Monday, May 11, 2015

Day Eight-Fifty-Eight: Make Haste

‘Dear DragoFuck,

The rats are up to some shit. My guys spotted a tear in the sky. They think it’s bad. So do I. I’m calling a truce with you for now because I don’t want to deal with you nibbling at my tail feathers. Leave me alone and I’ll leave you alone.

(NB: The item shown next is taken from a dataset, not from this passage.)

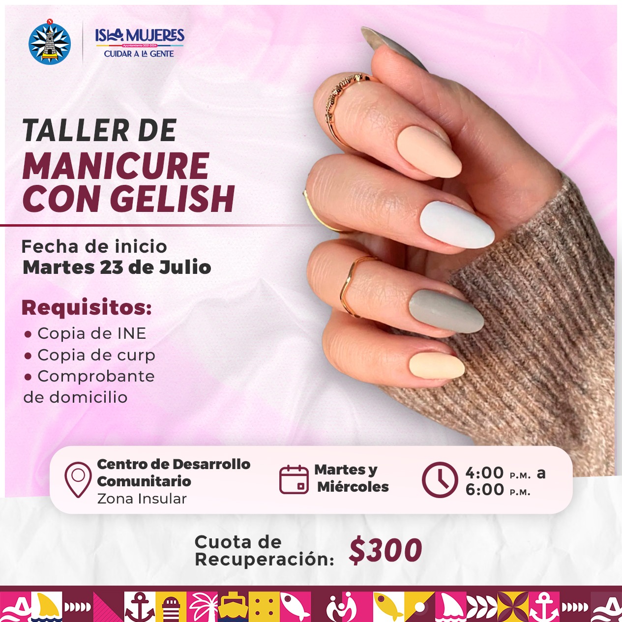 Asimismo, el Taller de Manicure con Gelish iniciará el próximo 23 de julio y se impartirá los martes y miércoles de 4 a 6 de la tarde con una cuota de recuperación de 300 pesos; el Taller de Manualidades para Niños de igual forma comenzará el 23 de julio y se impartirá los martes y jueves de 5 a 7 de la tarde y la cuota de recuperación es de 200 pesos.

Yes, I know you work for them. Yes, I know you think this is bullshit. But it’s not. I have a bad feeling. The only person who makes portals is me. I don’t want other fuckers horning in on my turf. Besides, portals aren’t supposed to just sit there. That makes shit in the world unstable. I’m not done killing people, so instability doesn’t work for me.

I’m not asking you to fight alongside me. Just stay out of my hair for a while. Do that and I promise to leave Pubton alone for half a year. I’d say forever, but I know you wouldn’t believe me. Imagine what you can do with six months of free time. Maybe you can even give me a good fight once I purge the planet of these rat motherfuckers. They’re worse than I am, and that’s saying a lot, I know.

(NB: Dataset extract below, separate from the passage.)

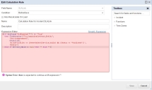 5.To edit an existing business rule, click the edit icon . The application displays the Edit Business Rule dialog box, including the Expression Editor.

Truce, Dragofuck. kthnks? kthnks.

Kierkegaard the Omnipotent’

Dragomir read the letter over again as he walked, lip curling each time Kierkegaard called him ‘Dragofuck’. He still wasn’t sure exactly what it meant. Was it a play for time? An attempt to stop two fronts from attacking Kierkegaard’s army? An admission of fear over the werewolves now in Dragomir’s army? Or an honest attempt to stop Grayson from doing… something?

“It vill not change iv you read it a thouzend timez,” a voice said from beside Dragomir.

He jumped. Antonio was walking beside him, a pack slung over the orc’s shoulder. Antonio was staring straight ahead, smiling as enigmatically as ever. Scowling, Dragomir stuffed the letter into his pocket.

“Just thinkin’ about it,” Dragomir grumbled. “Might not change, but my interpretation of it might.”

Antonio thought about that, then grinned broadly, nodding. “Ya, ya, true. Iz wize. Maybe you are well in charge.”

“Gee, thanks.”

Not that a declaration of a truce really mattered. Dragomir’s group had moved quite tirelessly for three days, now, swiftly crossing the western lands at a tireless pace, and they’d gotten into skirmishes with Non scouts on several occasions. Apparently they hadn’t received word of Kierkegaard’s ‘truce’, and needed to be destroyed or driven off. Dragomir’s group had nevertheless made excellent time… especially when they’d spotted the glowing tower in the distance, as sure a sign of their destination as anything. Even The Baron, the slowest of the party, seemed to pick up his pace at the sight.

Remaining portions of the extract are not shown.